L’ emiliano Gustavo Chiesi, che fu scrittore, giornalista, deputato repubblicano e ardente sostenitore della colonizzazione italiana in Africa. Alla Sicilia dedicò un ampio ed appasionato saggio, La  Sicilia Illustrata nella storia, nell’arte, nei paesi, pubblicato a Milano nel 1892, nel quale così si espresse nei riguardi di Acireale:

“E’ davvero una bella città; e, fra tutte le città di provincia della Sicilia, è la più bella.
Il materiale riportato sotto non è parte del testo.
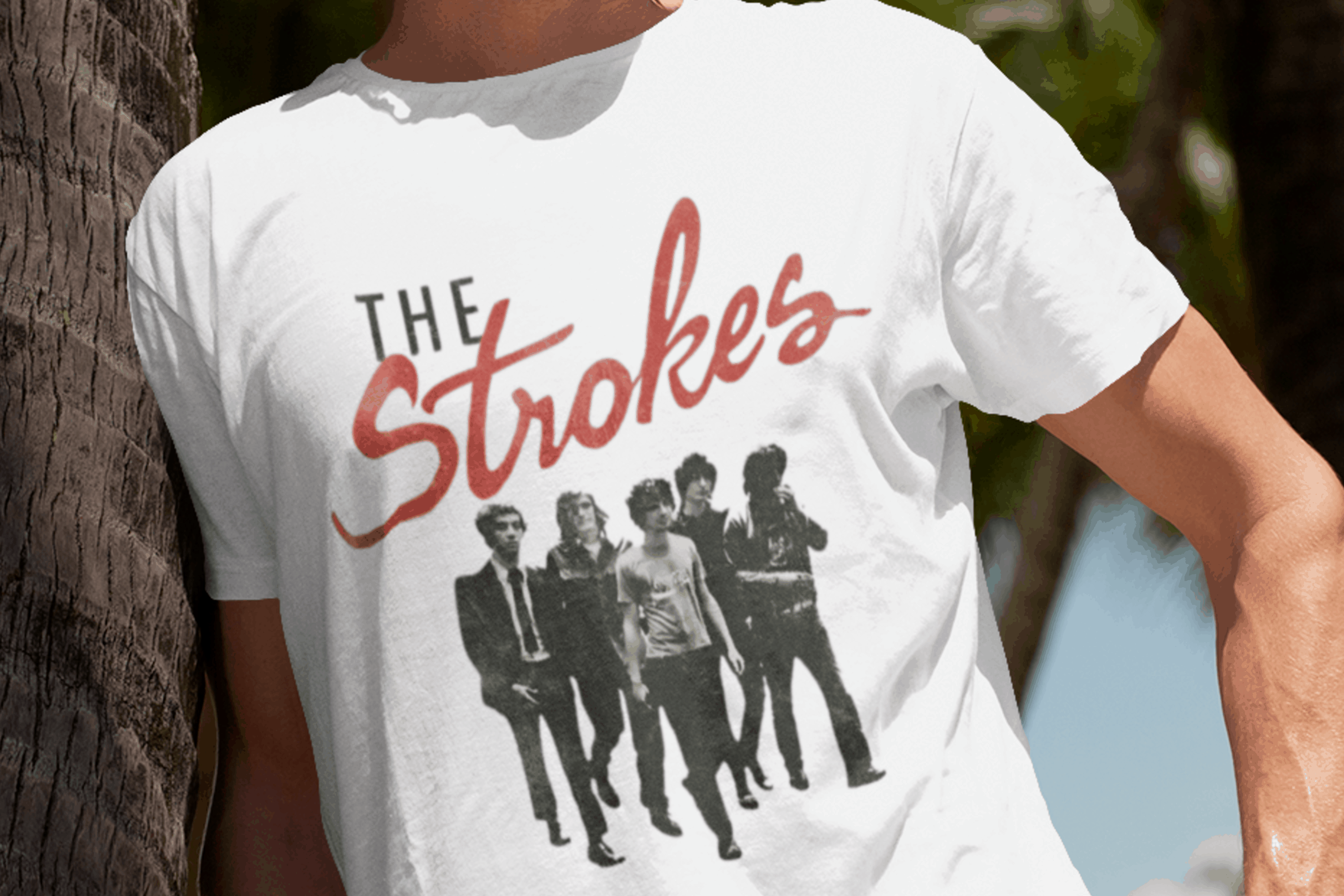 Esta camiseta é mais do que moda; é uma homenagem visual à influência duradoura dos The Strokes no cenário do rock alternativo.

Amenissima la posizione nella quale sorge, su un altipiano ondulato tra l’Etna e il mare, che nella sua immensità si domina dalle alte fabbriche della città. La vie ne son larghe, dritte, spaziose, pulite; gli edifici un pò baroccheggianti, cosa comune in Sicilia, ma non privi di eleganza e d’una certa imponenza. Bellissima è la facciata in perfetto barocco della Cattedrale, che nell’interno ha pure affreschi pregevoli di Pietro Paolo Vasta e del  Filocamo. Davanti a questa chiesa è una ampia piazza, centro della città, assai movimentata nelle ore mattutine e nella sera, ma affatto deserta nelle ore cosidette della siesta, rigorosamente osservata nelle minori città di  Sicilia ed un po’ anche nelle maggiori. Acireale possiede pure un bel giardino pubblico, grazioso e ben tenuto. un bel teatro, e nel palazzo del barone Pennisi si mostra la forse più completa e rara collezione di monete e di medaglie Siciliane che si conosca. Il clima di acireale è delizioso, al ridosso com’è dell’alte pendici etnee, che la riparano dai venti di settentrione e da bruschi cambiamenti di temperatura. Acireale ha tutti i requisiti per diventare una stazione climatica invernale di primissimo ordine, mentre le sue sorgenti di acque sulfuree si prestano alla cura di numerose malattie”.